Single-rate issue continues apace, with gaining number of stations converting their rate cards so that national and local advertisers respond to sales lures of the same announcement and program costs. Among the newest in the one-rate lineup: WHAT Philadelphia and KRAK Sacramento. Former station, specialist in Negro-appeal radio, is headed by President William A. Banks. His theory: "The single rate is fair to all advertisers, is the inevitable solution to many rate problems broadcasters and advertisers have faced." Manning Slater, president and general manager of KRAK, thinks the one-rate "is the only logical answer to the ever-present problem of 'who gets what rate when'."
New Negro market information from the Keystone Broadcasting System, which analyzed Negro-appeal programing for its 361 radio station affiliates in 23 states, finds that the average station programs 43 quarter-hours weekly to this specialized audience. The breakdown as to total hours (not quarters) of Negro-appeal programing for the KBS Negro network: 20 hours or less per week, 318 stations; 21 to 40 hours, 36 stations; 41 and 100 hours, 6 stations; over 100 hours, 1 station. (Highest amount of air time is for an Alabama affiliate, with 118 hours weekly of Negro-appeal programing.)
Progressive legislation was passed 1 June in California after strenuous efforts for 20 years by many groups, including the state's Associated Press Radio and Tv Assn. and its chairman, Don Mozley, news director of KCBS San Francisco, as well as the California Broadcasters Assn. The issue: whether air newsmen would have the same privilege of their print brethren in not disclosing confidential news sources. The victory: the state Senate judiciary committee voted approval before sanction by the governor and the state legislature.
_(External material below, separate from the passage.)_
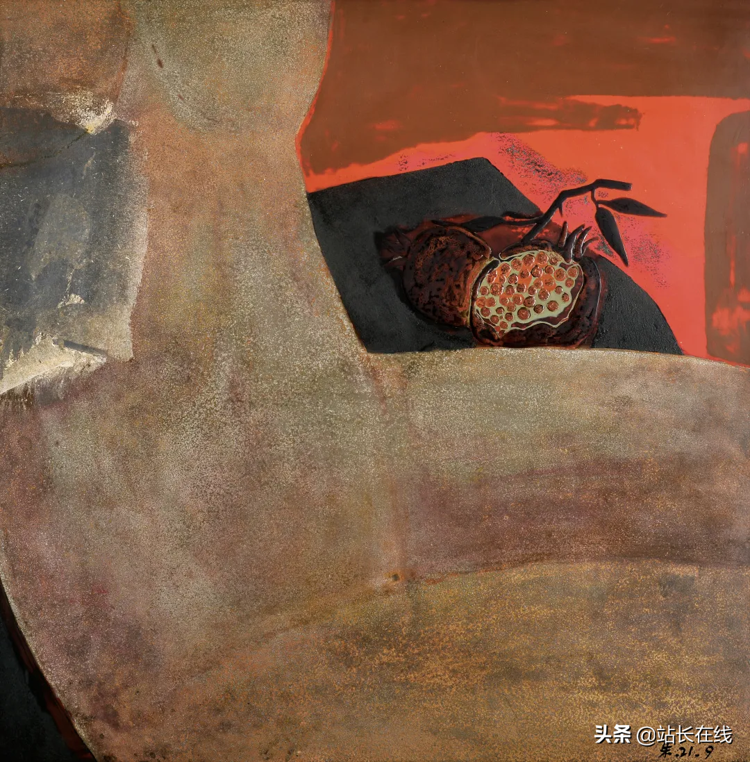 漆艺在中国有近八千年的历史,最初是在器物表面以图绘的形式呈现,而漆画正是由此发展而来。和传统的漆画相比,朱莉燕的作品更为抽象,注重情感的表达,既有山野荒漠的苍茫豁达,也有女性若花般的细腻朦胧,是“一种东方性与当代性的结合”。

What makes selling ammunition? A lot more than mimeographed station logs sent to reps or a re-hash of a program schedule multilithed for agency buyers and media supervisors. So said an agency media man commenting on the type of station information he wants to see and citing a recent two-color folder issued by WQXR New York. What do buyers want in a station folder? "Market, market and MORE market information," he said. Among this station's facts: county-by-county primary and secondary areas with radio homes in each, audience composition analysis as to family income, education, occupation; net unduplicated homes reached daily and weekly.